== Source data ==
__________________________________________________

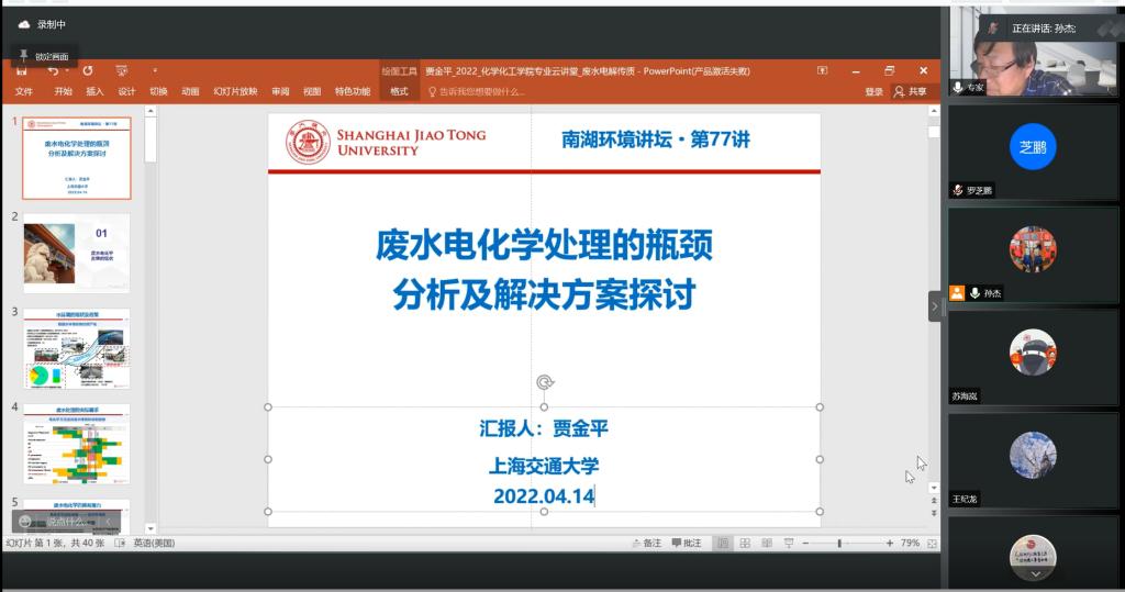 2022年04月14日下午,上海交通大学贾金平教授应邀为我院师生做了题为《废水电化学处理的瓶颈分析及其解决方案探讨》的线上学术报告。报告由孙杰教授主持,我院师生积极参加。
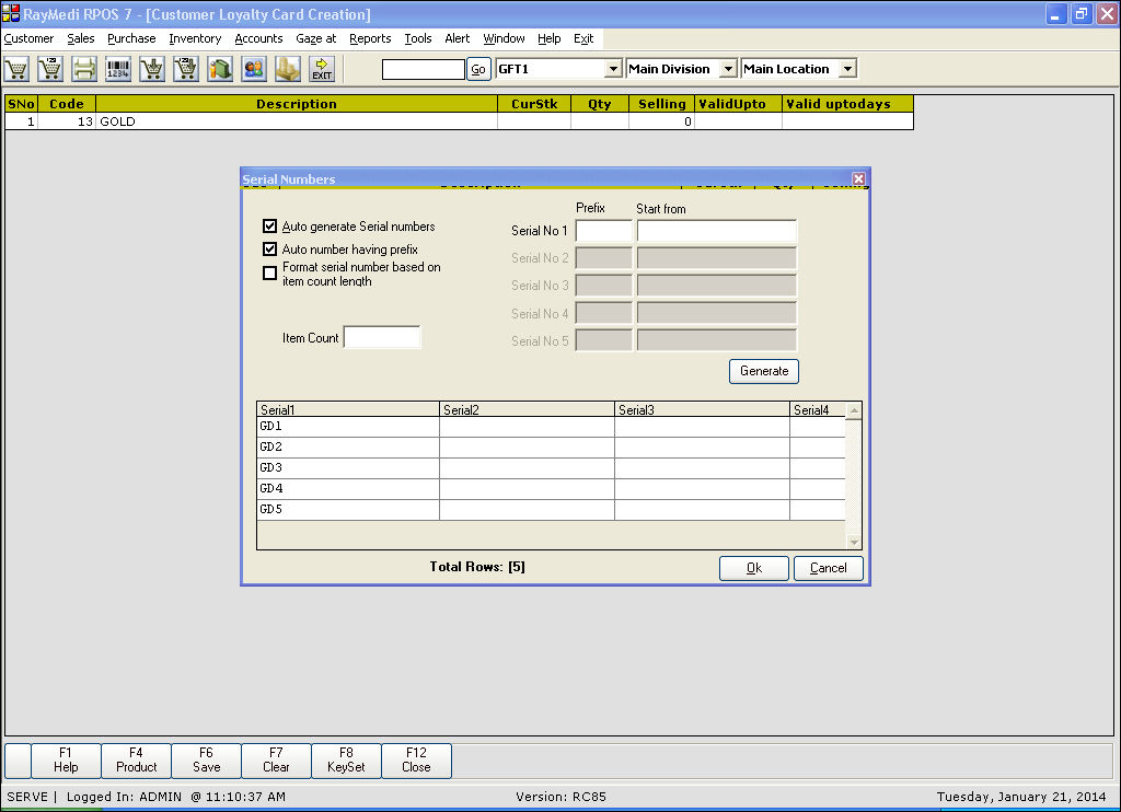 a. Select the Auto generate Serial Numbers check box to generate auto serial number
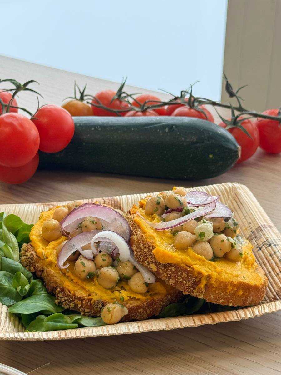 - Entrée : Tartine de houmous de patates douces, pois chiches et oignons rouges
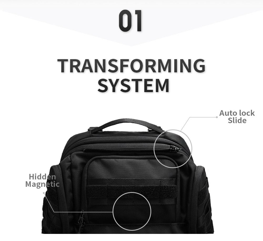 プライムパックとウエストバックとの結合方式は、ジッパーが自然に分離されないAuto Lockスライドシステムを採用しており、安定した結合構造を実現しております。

__________________________________________________

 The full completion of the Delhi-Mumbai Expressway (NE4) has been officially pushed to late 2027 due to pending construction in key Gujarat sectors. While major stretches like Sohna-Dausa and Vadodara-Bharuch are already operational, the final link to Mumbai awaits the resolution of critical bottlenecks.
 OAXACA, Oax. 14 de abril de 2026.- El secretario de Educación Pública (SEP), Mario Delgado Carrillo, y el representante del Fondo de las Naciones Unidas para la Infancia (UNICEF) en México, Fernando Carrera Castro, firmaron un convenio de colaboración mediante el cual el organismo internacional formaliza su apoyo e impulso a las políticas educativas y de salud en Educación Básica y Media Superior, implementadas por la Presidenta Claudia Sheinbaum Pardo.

__________________________________________________

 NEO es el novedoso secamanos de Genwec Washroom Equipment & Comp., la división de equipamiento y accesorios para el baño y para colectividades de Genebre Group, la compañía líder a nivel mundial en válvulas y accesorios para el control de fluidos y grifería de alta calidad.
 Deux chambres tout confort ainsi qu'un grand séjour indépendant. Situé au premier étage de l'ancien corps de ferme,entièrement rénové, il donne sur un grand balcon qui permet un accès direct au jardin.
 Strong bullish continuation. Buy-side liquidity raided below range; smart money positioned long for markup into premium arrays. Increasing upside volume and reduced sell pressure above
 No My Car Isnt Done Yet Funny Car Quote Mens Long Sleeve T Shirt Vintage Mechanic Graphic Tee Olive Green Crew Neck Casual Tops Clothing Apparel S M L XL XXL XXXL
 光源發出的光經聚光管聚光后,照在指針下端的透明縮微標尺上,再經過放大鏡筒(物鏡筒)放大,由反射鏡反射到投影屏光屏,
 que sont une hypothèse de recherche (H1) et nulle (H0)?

__________________________________________________

In the listing above, find the line containing "2022年04月14日下午,上海交通大学" and the line containing "プライムパックとウエストバッ", then return both of them and every line between, exactly, without pictures.

== Result of this exercise ==
 2022年04月14日下午,上海交通大学贾金平教授应邀为我院师生做了题为《废水电化学处理的瓶颈分析及其解决方案探讨》的线上学术报告。报告由孙杰教授主持,我院师生积极参加。
 a. Select the Auto generate Serial Numbers check box to generate auto serial number
 - Entrée : Tartine de houmous de patates douces, pois chiches et oignons rouges
 プライムパックとウエストバックとの結合方式は、ジッパーが自然に分離されないAuto Lockスライドシステムを採用しており、安定した結合構造を実現しております。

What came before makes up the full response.